**TASK GOAL**
From the first line to the last, please reproduce the material exactly, skipping the pictures.

**GIVEN INFORMATION**
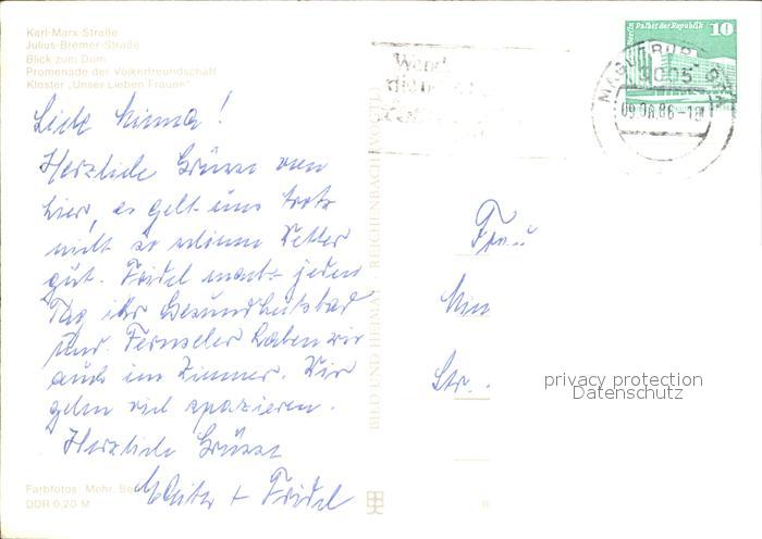 72373117 alte Postkarte MAGDEBURG CITY Karl Marx Strasse Julius Bremer Strasse Dom Promenade der Voelkerfreundschaft Kloster Unser Lieben Frauen postalisch gelaufen Erhaltung siehe scans KatCode: 11110015003000
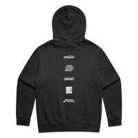Pullover hood, drop shoulder, kangaroo pocket, self-fabric lined hood, no drawcord, garment dyed, sleeve cuff ribbing
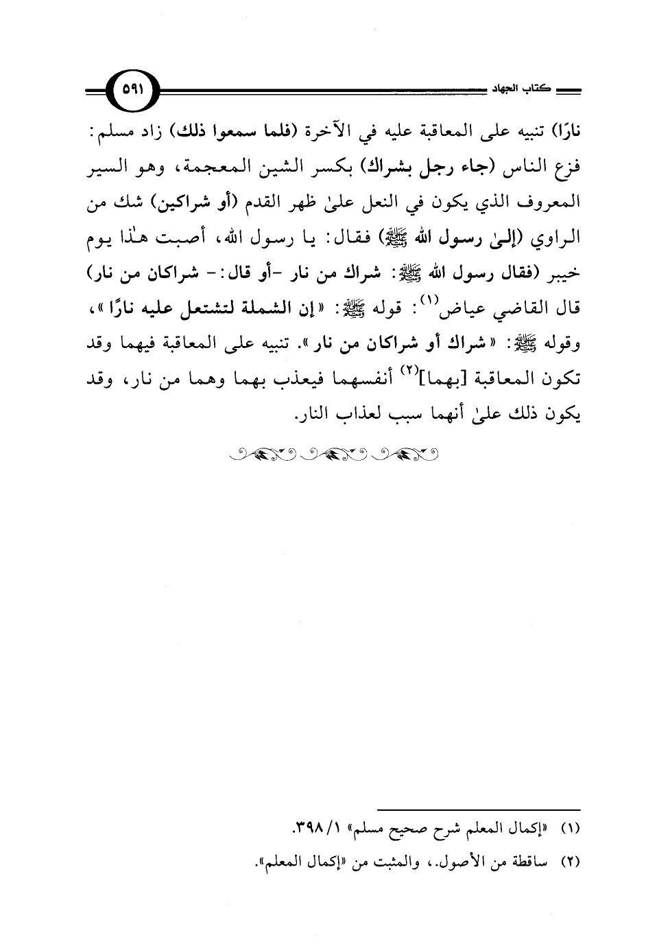 نارًا) تنبيه على المعاقبة عليه في الآخرة (فلما سمعوا ذلك) زاد مسلم: فزع الناس (جاء رجل بشراك) بكسر الشين المعجمة، وهو السير المعروف الذي يكون في النعل على ظهر القدم (أو شراكين) شك من الراوي (إلى رسول الله - صلى الله عليه وسلم -) فقال: يا رسول الله، أصبت هذا يوم خيبر (فقال رسول الله - صلى الله عليه وسلم -: شراك من نار -أو قال: - شراكان من نار) قال القاضي عياض (¬1): قوله - صلى الله عليه وسلم -: "إن الشملة لتشتعل عليه نارًا"، وقوله - صلى الله عليه وسلم -: "شراك أو شراكان من نار". تنبيه على المعاقبة فيهما وقد تكون المعاقبة [بهما] (¬2) أنفسهما فيعذب بهما وهما من نار، وقد يكون ذلك على أنَّهما سبب لعذاب النار.

**WRITTEN RESPONSE**
 72373117 alte Postkarte MAGDEBURG CITY Karl Marx Strasse Julius Bremer Strasse Dom Promenade der Voelkerfreundschaft Kloster Unser Lieben Frauen postalisch gelaufen Erhaltung siehe scans KatCode: 11110015003000
Pullover hood, drop shoulder, kangaroo pocket, self-fabric lined hood, no drawcord, garment dyed, sleeve cuff ribbing
 نارًا) تنبيه على المعاقبة عليه في الآخرة (فلما سمعوا ذلك) زاد مسلم: فزع الناس (جاء رجل بشراك) بكسر الشين المعجمة، وهو السير المعروف الذي يكون في النعل على ظهر القدم (أو شراكين) شك من الراوي (إلى رسول الله - صلى الله عليه وسلم -) فقال: يا رسول الله، أصبت هذا يوم خيبر (فقال رسول الله - صلى الله عليه وسلم -: شراك من نار -أو قال: - شراكان من نار) قال القاضي عياض (¬1): قوله - صلى الله عليه وسلم -: "إن الشملة لتشتعل عليه نارًا"، وقوله - صلى الله عليه وسلم -: "شراك أو شراكان من نار". تنبيه على المعاقبة فيهما وقد تكون المعاقبة [بهما] (¬2) أنفسهما فيعذب بهما وهما من نار، وقد يكون ذلك على أنَّهما سبب لعذاب النار.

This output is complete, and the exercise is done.